Entries taken from a collection:

○ ○ ○

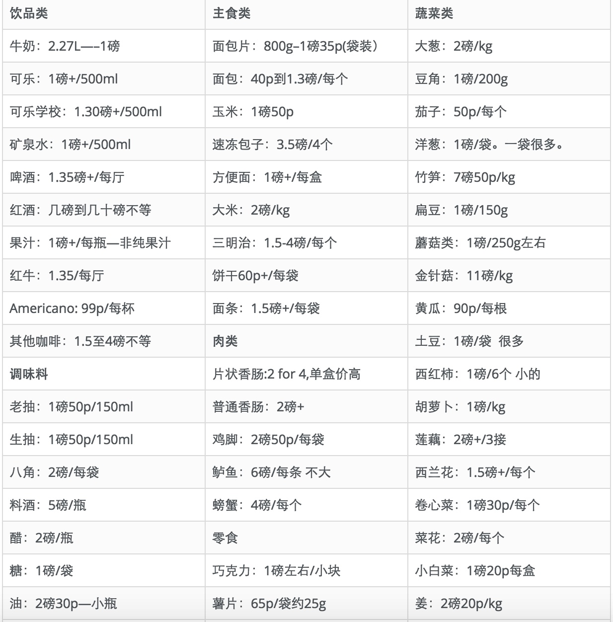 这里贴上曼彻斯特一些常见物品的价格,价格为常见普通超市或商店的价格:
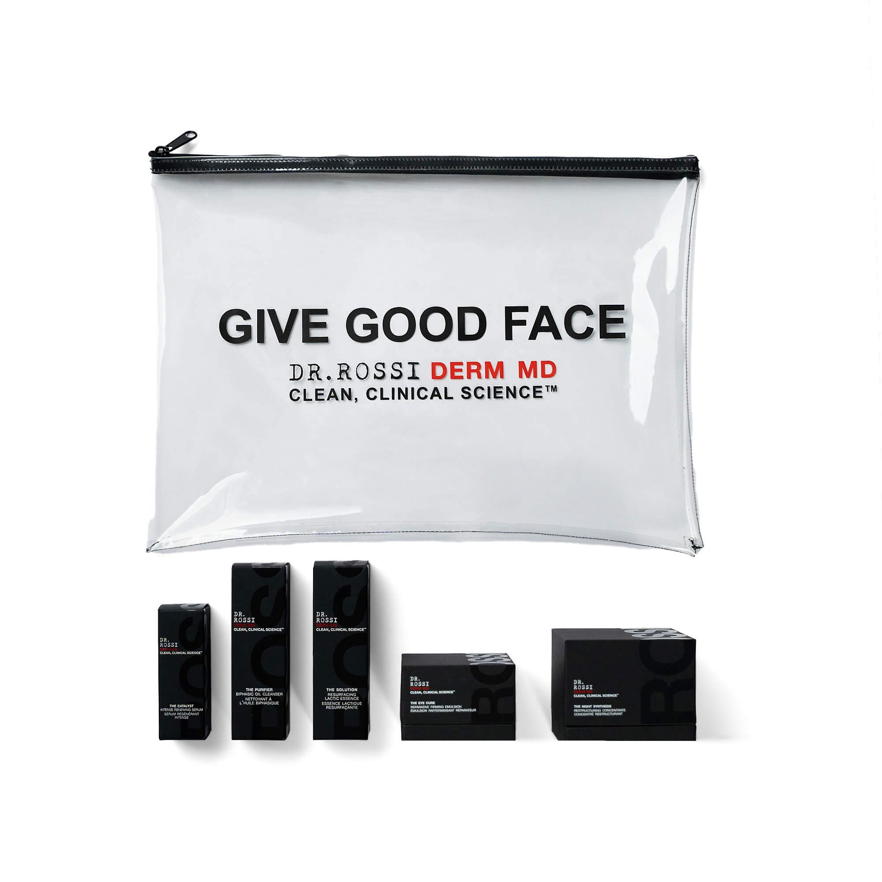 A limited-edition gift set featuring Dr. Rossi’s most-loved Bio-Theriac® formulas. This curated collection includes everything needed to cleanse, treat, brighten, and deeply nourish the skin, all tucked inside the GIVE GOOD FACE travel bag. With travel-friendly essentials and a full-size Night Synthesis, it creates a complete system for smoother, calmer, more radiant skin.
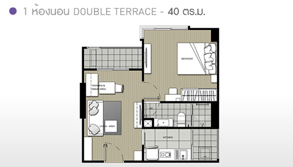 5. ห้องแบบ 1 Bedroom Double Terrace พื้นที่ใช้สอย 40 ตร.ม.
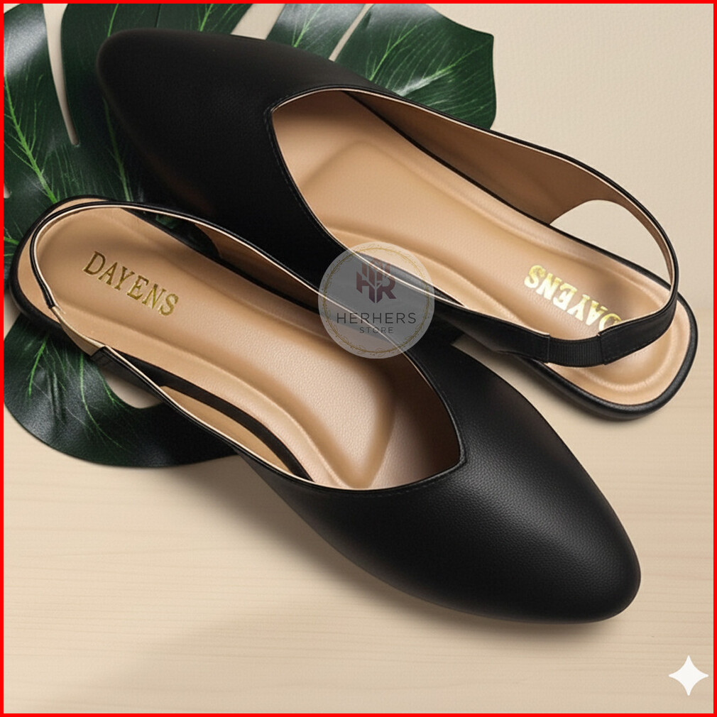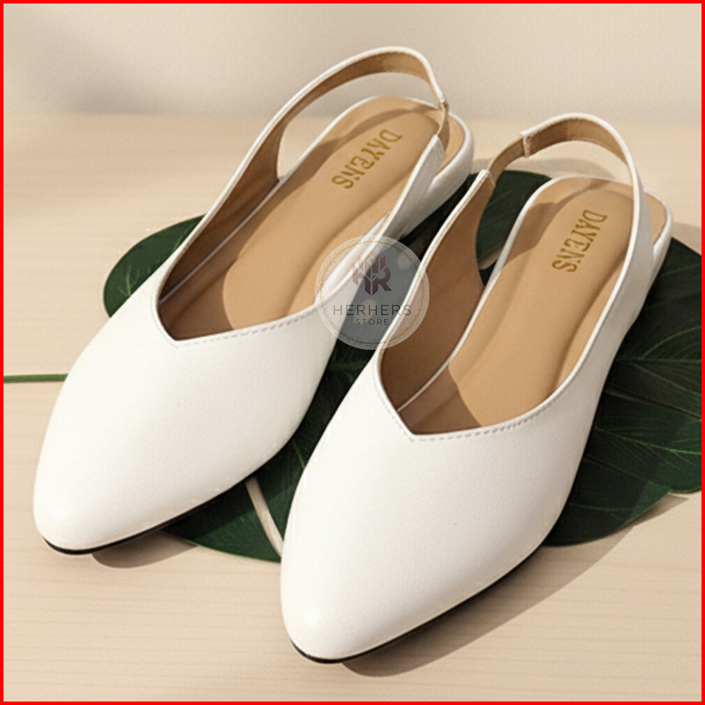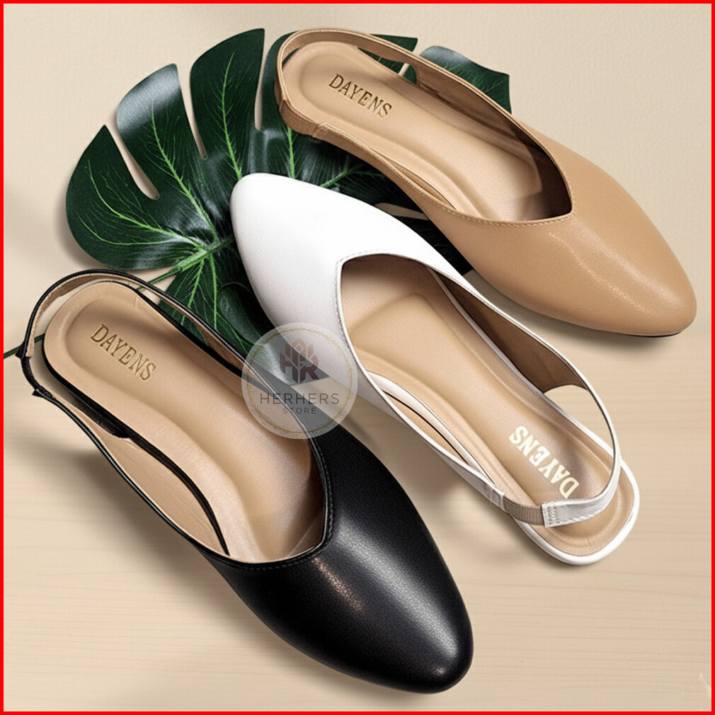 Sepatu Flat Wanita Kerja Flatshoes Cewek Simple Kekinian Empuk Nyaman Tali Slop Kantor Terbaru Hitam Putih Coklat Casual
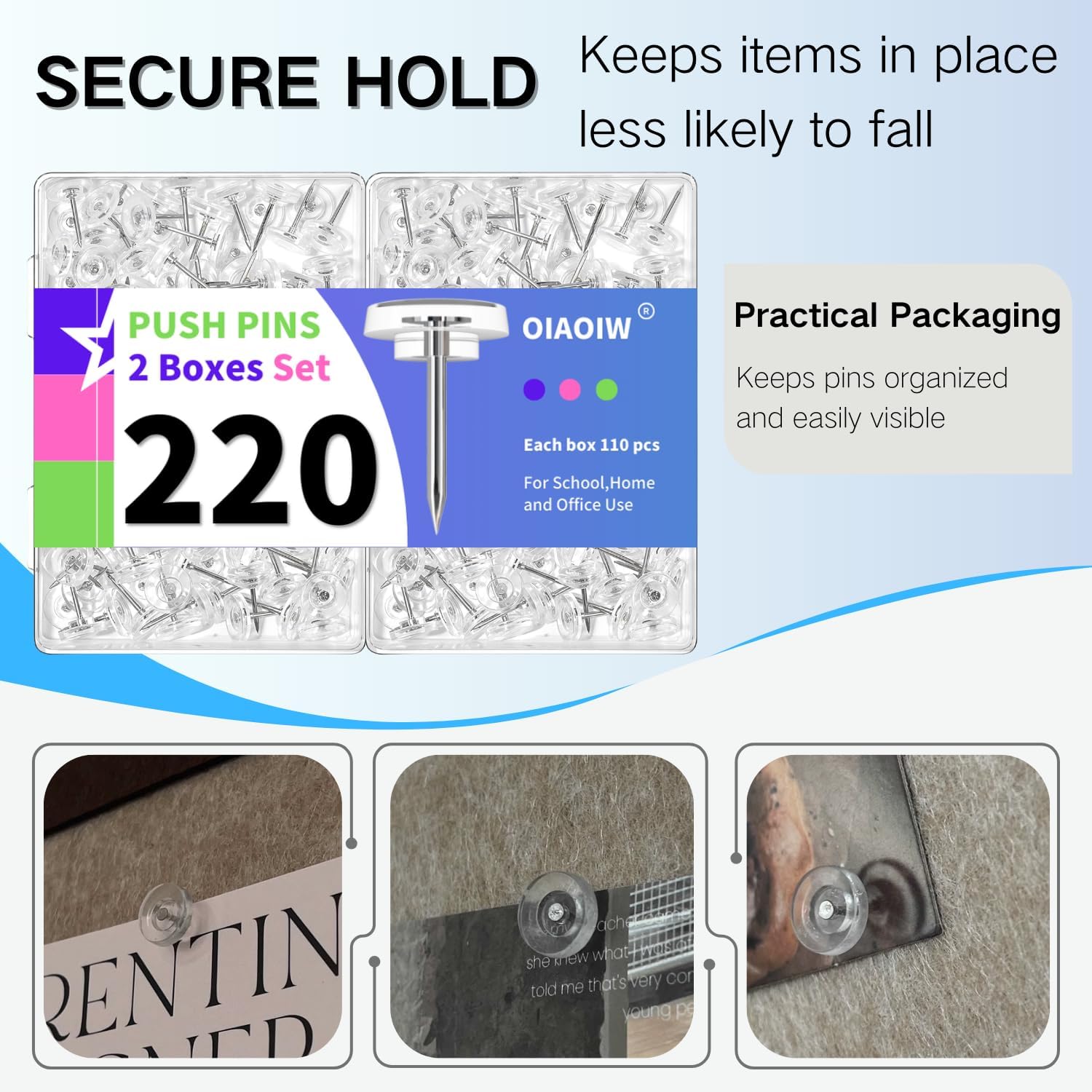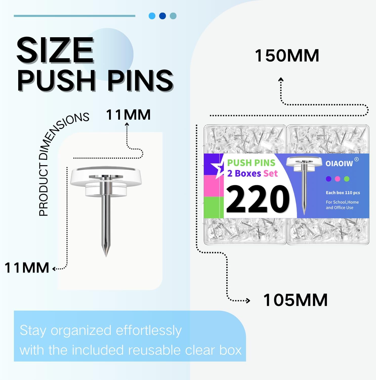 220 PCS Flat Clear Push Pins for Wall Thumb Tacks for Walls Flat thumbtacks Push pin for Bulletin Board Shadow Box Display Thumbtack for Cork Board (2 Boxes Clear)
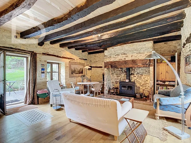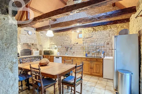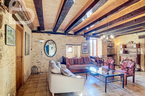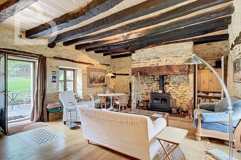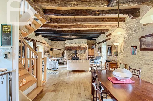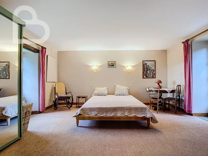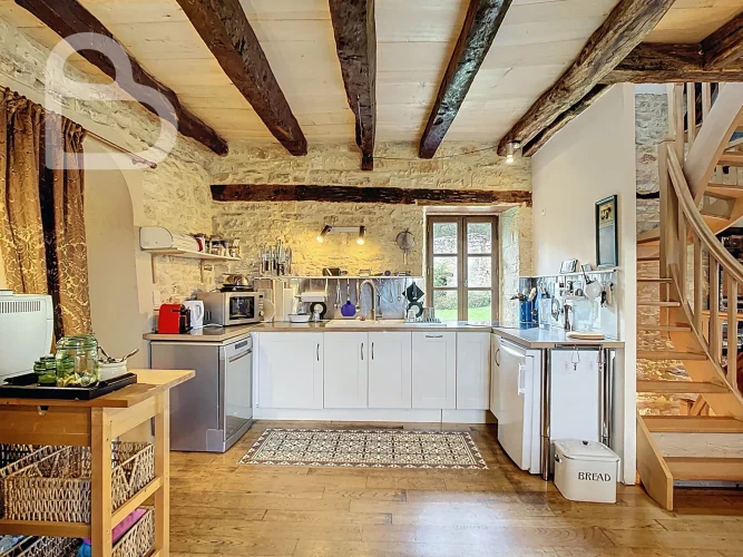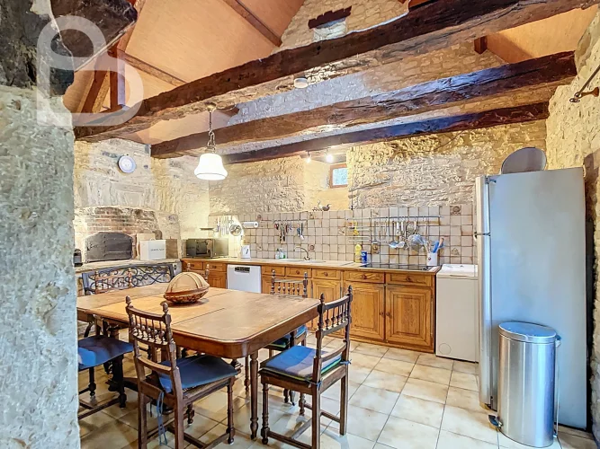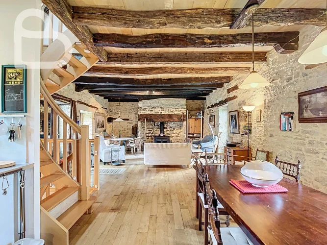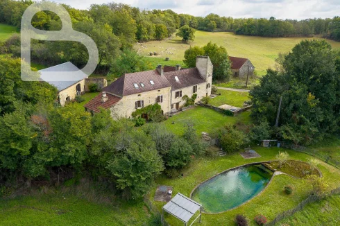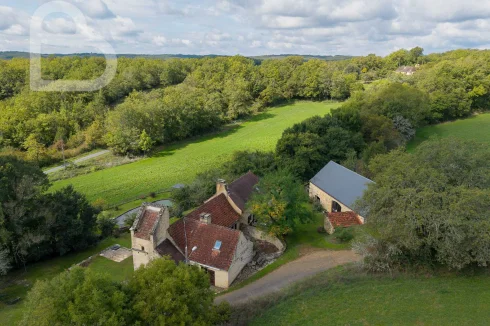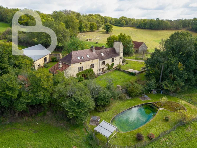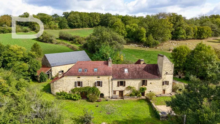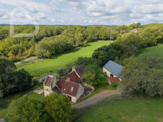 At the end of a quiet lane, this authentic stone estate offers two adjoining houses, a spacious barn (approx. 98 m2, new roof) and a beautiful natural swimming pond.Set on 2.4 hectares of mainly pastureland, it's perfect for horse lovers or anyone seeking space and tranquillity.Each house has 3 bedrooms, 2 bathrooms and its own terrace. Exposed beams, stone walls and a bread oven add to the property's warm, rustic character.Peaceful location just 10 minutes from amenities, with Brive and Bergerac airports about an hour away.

○ ○ ○

> _WORK ITEM_
Return each entry exactly as it stands above, apart from any images.

> _RESPONSE TO THE TASK_
 这里贴上曼彻斯特一些常见物品的价格,价格为常见普通超市或商店的价格:
 A limited-edition gift set featuring Dr. Rossi’s most-loved Bio-Theriac® formulas. This curated collection includes everything needed to cleanse, treat, brighten, and deeply nourish the skin, all tucked inside the GIVE GOOD FACE travel bag. With travel-friendly essentials and a full-size Night Synthesis, it creates a complete system for smoother, calmer, more radiant skin.
 5. ห้องแบบ 1 Bedroom Double Terrace พื้นที่ใช้สอย 40 ตร.ม.
 Sepatu Flat Wanita Kerja Flatshoes Cewek Simple Kekinian Empuk Nyaman Tali Slop Kantor Terbaru Hitam Putih Coklat Casual
 220 PCS Flat Clear Push Pins for Wall Thumb Tacks for Walls Flat thumbtacks Push pin for Bulletin Board Shadow Box Display Thumbtack for Cork Board (2 Boxes Clear)
 At the end of a quiet lane, this authentic stone estate offers two adjoining houses, a spacious barn (approx. 98 m2, new roof) and a beautiful natural swimming pond.Set on 2.4 hectares of mainly pastureland, it's perfect for horse lovers or anyone seeking space and tranquillity.Each house has 3 bedrooms, 2 bathrooms and its own terrace. Exposed beams, stone walls and a bread oven add to the property's warm, rustic character.Peaceful location just 10 minutes from amenities, with Brive and Bergerac airports about an hour away.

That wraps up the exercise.